**Assigned task**:
Each entry is to be output precisely as it appears.

[Items from a data source]
★ ★ ★ ★

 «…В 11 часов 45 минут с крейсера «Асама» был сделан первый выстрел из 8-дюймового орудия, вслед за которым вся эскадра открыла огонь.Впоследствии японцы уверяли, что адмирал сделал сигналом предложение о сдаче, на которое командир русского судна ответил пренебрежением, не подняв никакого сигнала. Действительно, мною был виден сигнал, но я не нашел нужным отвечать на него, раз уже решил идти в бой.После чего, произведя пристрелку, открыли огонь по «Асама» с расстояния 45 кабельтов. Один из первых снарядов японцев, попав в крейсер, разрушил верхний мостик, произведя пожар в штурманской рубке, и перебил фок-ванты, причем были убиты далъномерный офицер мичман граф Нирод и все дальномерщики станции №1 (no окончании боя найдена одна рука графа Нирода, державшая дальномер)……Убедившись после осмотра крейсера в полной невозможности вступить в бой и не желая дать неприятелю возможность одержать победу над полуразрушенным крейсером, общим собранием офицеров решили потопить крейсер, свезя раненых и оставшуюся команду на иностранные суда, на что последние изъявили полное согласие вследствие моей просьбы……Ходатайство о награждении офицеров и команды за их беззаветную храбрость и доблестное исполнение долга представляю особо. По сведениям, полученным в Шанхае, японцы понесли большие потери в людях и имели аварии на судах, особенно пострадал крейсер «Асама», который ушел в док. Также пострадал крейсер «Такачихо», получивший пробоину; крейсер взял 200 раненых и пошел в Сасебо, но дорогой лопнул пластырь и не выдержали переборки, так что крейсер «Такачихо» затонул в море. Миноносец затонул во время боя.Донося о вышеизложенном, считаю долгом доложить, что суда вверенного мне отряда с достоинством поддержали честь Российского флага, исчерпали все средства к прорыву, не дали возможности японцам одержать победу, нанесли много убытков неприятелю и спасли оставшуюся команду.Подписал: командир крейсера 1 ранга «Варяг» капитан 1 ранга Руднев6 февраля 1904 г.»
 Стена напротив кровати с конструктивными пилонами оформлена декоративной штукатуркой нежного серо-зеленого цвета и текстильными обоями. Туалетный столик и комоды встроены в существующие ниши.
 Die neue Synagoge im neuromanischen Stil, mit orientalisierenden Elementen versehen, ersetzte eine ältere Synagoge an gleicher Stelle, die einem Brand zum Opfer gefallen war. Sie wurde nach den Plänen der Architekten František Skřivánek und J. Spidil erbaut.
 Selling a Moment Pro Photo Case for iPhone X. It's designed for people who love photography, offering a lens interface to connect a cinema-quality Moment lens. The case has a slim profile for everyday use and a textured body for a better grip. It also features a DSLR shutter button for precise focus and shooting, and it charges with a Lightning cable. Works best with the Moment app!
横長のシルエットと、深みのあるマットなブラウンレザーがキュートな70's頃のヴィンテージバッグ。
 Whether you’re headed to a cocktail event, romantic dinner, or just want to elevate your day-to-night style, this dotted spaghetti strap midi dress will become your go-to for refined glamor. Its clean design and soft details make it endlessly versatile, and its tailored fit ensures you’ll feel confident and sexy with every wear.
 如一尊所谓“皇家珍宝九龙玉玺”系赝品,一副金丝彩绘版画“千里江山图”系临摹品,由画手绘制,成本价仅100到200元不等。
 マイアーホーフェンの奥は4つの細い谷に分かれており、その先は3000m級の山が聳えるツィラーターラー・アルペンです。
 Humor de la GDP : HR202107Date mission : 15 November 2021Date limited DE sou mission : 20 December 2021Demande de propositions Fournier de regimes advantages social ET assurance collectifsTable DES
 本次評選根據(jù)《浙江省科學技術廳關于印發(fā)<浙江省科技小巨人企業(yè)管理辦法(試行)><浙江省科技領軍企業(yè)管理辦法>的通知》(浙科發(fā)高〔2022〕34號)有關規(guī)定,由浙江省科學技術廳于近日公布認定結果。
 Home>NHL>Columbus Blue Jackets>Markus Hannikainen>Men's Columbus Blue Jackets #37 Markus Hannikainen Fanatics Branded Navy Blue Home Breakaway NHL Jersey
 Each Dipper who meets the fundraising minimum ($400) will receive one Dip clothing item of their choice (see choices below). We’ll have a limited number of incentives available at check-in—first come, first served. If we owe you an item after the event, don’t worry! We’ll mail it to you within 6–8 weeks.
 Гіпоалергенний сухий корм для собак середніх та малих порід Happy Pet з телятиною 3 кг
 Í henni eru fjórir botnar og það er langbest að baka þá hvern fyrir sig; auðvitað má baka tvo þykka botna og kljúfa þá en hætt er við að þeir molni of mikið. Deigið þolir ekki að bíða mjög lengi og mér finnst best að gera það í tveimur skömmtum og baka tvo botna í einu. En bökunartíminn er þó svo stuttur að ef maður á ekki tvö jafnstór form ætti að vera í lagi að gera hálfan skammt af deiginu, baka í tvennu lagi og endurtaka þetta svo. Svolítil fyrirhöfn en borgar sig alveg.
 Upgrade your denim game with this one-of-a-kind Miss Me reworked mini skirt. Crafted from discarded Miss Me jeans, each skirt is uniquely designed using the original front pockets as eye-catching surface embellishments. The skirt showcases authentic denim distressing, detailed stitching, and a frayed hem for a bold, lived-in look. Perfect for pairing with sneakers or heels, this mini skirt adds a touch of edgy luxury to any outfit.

★ ★ ★ ★

**Answer box**:
 «…В 11 часов 45 минут с крейсера «Асама» был сделан первый выстрел из 8-дюймового орудия, вслед за которым вся эскадра открыла огонь.Впоследствии японцы уверяли, что адмирал сделал сигналом предложение о сдаче, на которое командир русского судна ответил пренебрежением, не подняв никакого сигнала. Действительно, мною был виден сигнал, но я не нашел нужным отвечать на него, раз уже решил идти в бой.После чего, произведя пристрелку, открыли огонь по «Асама» с расстояния 45 кабельтов. Один из первых снарядов японцев, попав в крейсер, разрушил верхний мостик, произведя пожар в штурманской рубке, и перебил фок-ванты, причем были убиты далъномерный офицер мичман граф Нирод и все дальномерщики станции №1 (no окончании боя найдена одна рука графа Нирода, державшая дальномер)……Убедившись после осмотра крейсера в полной невозможности вступить в бой и не желая дать неприятелю возможность одержать победу над полуразрушенным крейсером, общим собранием офицеров решили потопить крейсер, свезя раненых и оставшуюся команду на иностранные суда, на что последние изъявили полное согласие вследствие моей просьбы……Ходатайство о награждении офицеров и команды за их беззаветную храбрость и доблестное исполнение долга представляю особо. По сведениям, полученным в Шанхае, японцы понесли большие потери в людях и имели аварии на судах, особенно пострадал крейсер «Асама», который ушел в док. Также пострадал крейсер «Такачихо», получивший пробоину; крейсер взял 200 раненых и пошел в Сасебо, но дорогой лопнул пластырь и не выдержали переборки, так что крейсер «Такачихо» затонул в море. Миноносец затонул во время боя.Донося о вышеизложенном, считаю долгом доложить, что суда вверенного мне отряда с достоинством поддержали честь Российского флага, исчерпали все средства к прорыву, не дали возможности японцам одержать победу, нанесли много убытков неприятелю и спасли оставшуюся команду.Подписал: командир крейсера 1 ранга «Варяг» капитан 1 ранга Руднев6 февраля 1904 г.»
 Стена напротив кровати с конструктивными пилонами оформлена декоративной штукатуркой нежного серо-зеленого цвета и текстильными обоями. Туалетный столик и комоды встроены в существующие ниши.
 Die neue Synagoge im neuromanischen Stil, mit orientalisierenden Elementen versehen, ersetzte eine ältere Synagoge an gleicher Stelle, die einem Brand zum Opfer gefallen war. Sie wurde nach den Plänen der Architekten František Skřivánek und J. Spidil erbaut.
 Selling a Moment Pro Photo Case for iPhone X. It's designed for people who love photography, offering a lens interface to connect a cinema-quality Moment lens. The case has a slim profile for everyday use and a textured body for a better grip. It also features a DSLR shutter button for precise focus and shooting, and it charges with a Lightning cable. Works best with the Moment app!
横長のシルエットと、深みのあるマットなブラウンレザーがキュートな70's頃のヴィンテージバッグ。
 Whether you’re headed to a cocktail event, romantic dinner, or just want to elevate your day-to-night style, this dotted spaghetti strap midi dress will become your go-to for refined glamor. Its clean design and soft details make it endlessly versatile, and its tailored fit ensures you’ll feel confident and sexy with every wear.
 如一尊所谓“皇家珍宝九龙玉玺”系赝品,一副金丝彩绘版画“千里江山图”系临摹品,由画手绘制,成本价仅100到200元不等。
 マイアーホーフェンの奥は4つの細い谷に分かれており、その先は3000m級の山が聳えるツィラーターラー・アルペンです。
 Humor de la GDP : HR202107Date mission : 15 November 2021Date limited DE sou mission : 20 December 2021Demande de propositions Fournier de regimes advantages social ET assurance collectifsTable DES
 本次評選根據(jù)《浙江省科學技術廳關于印發(fā)<浙江省科技小巨人企業(yè)管理辦法(試行)><浙江省科技領軍企業(yè)管理辦法>的通知》(浙科發(fā)高〔2022〕34號)有關規(guī)定,由浙江省科學技術廳于近日公布認定結果。
 Home>NHL>Columbus Blue Jackets>Markus Hannikainen>Men's Columbus Blue Jackets #37 Markus Hannikainen Fanatics Branded Navy Blue Home Breakaway NHL Jersey
 Each Dipper who meets the fundraising minimum ($400) will receive one Dip clothing item of their choice (see choices below). We’ll have a limited number of incentives available at check-in—first come, first served. If we owe you an item after the event, don’t worry! We’ll mail it to you within 6–8 weeks.
 Гіпоалергенний сухий корм для собак середніх та малих порід Happy Pet з телятиною 3 кг
 Í henni eru fjórir botnar og það er langbest að baka þá hvern fyrir sig; auðvitað má baka tvo þykka botna og kljúfa þá en hætt er við að þeir molni of mikið. Deigið þolir ekki að bíða mjög lengi og mér finnst best að gera það í tveimur skömmtum og baka tvo botna í einu. En bökunartíminn er þó svo stuttur að ef maður á ekki tvö jafnstór form ætti að vera í lagi að gera hálfan skammt af deiginu, baka í tvennu lagi og endurtaka þetta svo. Svolítil fyrirhöfn en borgar sig alveg.
 Upgrade your denim game with this one-of-a-kind Miss Me reworked mini skirt. Crafted from discarded Miss Me jeans, each skirt is uniquely designed using the original front pockets as eye-catching surface embellishments. The skirt showcases authentic denim distressing, detailed stitching, and a frayed hem for a bold, lived-in look. Perfect for pairing with sneakers or heels, this mini skirt adds a touch of edgy luxury to any outfit.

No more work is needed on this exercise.